Monday, January 23, 2012
Ferrell Lets Down Comedic Guard In Surprising “Everything Must Go”
Straddling the line between depressing and comedic can be a tough task, but “Everything Must Go” finds this balance in extraordinary fashion. Adapted from a short story by Raymond Carver, this was the first script for Dan Rush, who wrote and directed this film in a stunning debut. Perhaps the best way to describe this movie is that it sneaks up on you ... and it is so much more than the sum of its parts.
Rush introduces us to Nick Halsey, an alcoholic with marital problems, a budding mid-life crisis and a defeated mindset. After being fired after 16 years at the same company (the dude from “It’s Always Sunny in Philadelphia,” Glenn Howerton, is perfect as Ferrell’s smarmy boss), he receives a knife as a severance package -- with somewhat predictable results. Then Nick decides to live on his front lawn after being locked out of his house by his wife, putting his life -- populated by what Rush called “a history of aborted enthusiasms” -- out on the front lawn, for all to judge and value.
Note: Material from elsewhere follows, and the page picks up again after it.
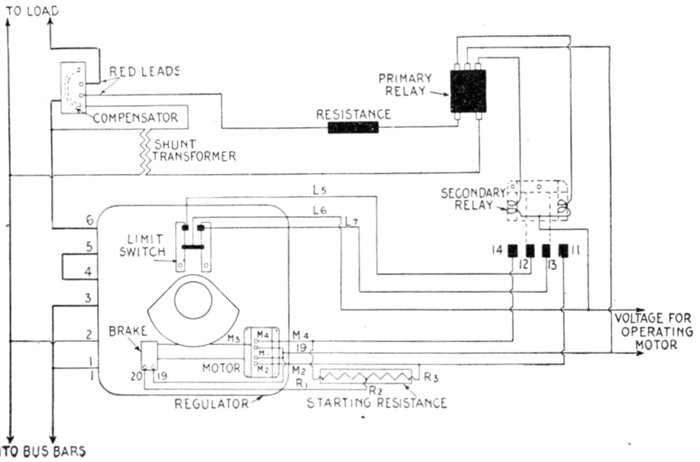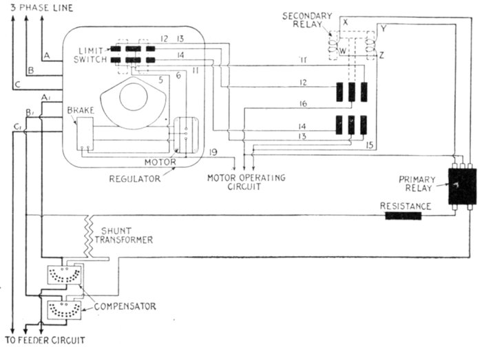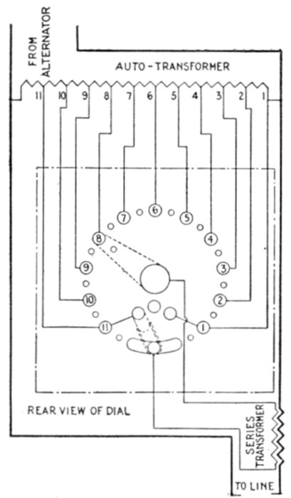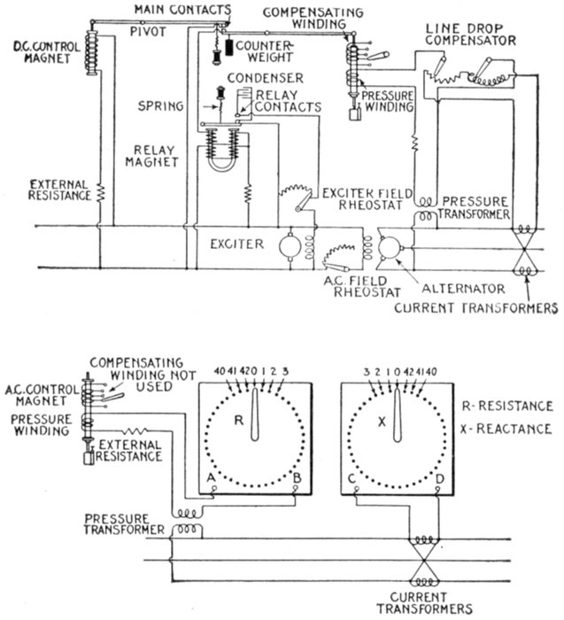 | Regulation of alternators—a.c. feeder regulation—application of induction type regulators; types: induction, and variable ratio transformer regulators; operation of induction regulators; neutral position; regulator capacity—polyphase induction regulators: construction, operation; automatic control; why two relays are used; difficulties encountered in operation of relays; vibration or chattering of the contacts; poor contact of primary relay—variable ratio transformer voltage regulators: types: drum, and dial; dial type for high voltage—small feeder voltage regulators: construction and operation; adjustment—automatic voltage regulators for alternators: method of regulation—line drop compensators: essential parts; connections; construction and operation; diagram of automatic voltage regulator using a line drop compensator—starting compensators: necessity for; construction and operation—star delta switches. | |

He endures gut punch after gut punch to open the film, to the point where we wonder just how much he’s going to be able to take. The capper comes when he learns that his AA sponsor, a cop who had become something of a friend, is sleeping with his estranged wife (who is never shown, by design, I believe). As a viewer, I’m thinking, “Man, who can you trust if you can’t trust your sponsor?!”
He spends much of the film trying to find whatever it is that someone once saw or said that was special in him. Upon tracking down a former classmate (Laura Dern) to ask why she wrote something nice about him in his yearbook, she says, “You have a good heart. That doesn’t change.”
He finds support and even friends in the unlikeliest of places. First, in an aimless black kid named Kenny (the scene-stealing Christopher Jordan Wallace) who teams up with him. Kenny’s character was likened to Yoda by Ferrell, who said that Kenny served as a check and balance to Nick’s actions.
Then, Nick develops an unlikely bond with a beautiful, yet neglected, new neighbor who happens to be pregnant. His friendship with Samantha (played in an understated, absorbing way by Rebecca Hall) reinforces the film’s message about what makes us strangers and what could help us bridge that divide to friends. The message is both deep and sad -- it asks something of the viewer, which can make it difficult to watch. It touches on the bonds we form, sometimes unbelievably quickly, due to a quiet desperation.
At the end, as sunlight begins to peak out from behind the clouds, Samantha hands Nick a Polaroid, with a simple inscription: “Everything is not yet lost.” The beauty and poignancy of that moment and that scene -- which serve as a symbolic comment on the transitory, fleeting nature of frozen images -- make it a wonderful summation of the film itself.
Even at rock bottom, Ferrell is endearing and pitiable. A scene where he’s begging for beers outside a convenience store is hard to look at, yet even in the darkest times, there is something universal in Nick that draws us to him. And at the end, when the charges behind his dismissal prove to be baseless, we are reaffirmed in the lead character’s character.
Rush (who made a wise choice in deleting a scene involving Nick and a hooker) had determined that the lead role required likeability in order to pull the film together, so he made a bold casting choice in tabbing Ferrell as the vulnerable everyman. For his part, Ferrell has said he was drawn to the premise of the movie as a departure for him, having never been tasked with guiding an emotionally driven film. He felt that the universality and sympathy made for a great story, yet he questioned his ability to act it. Ferrell was attracted to the test as the next step from comedy to “Stranger Than Fiction” to this one. Like Jim Carrey’s “Truman Show,” Ferrell wondered whether he could carry a vehicle such as this one.
The answer is a redefining, resounding yes, as the gambles by both Rush and Ferrell paid off with a memorable, moving film.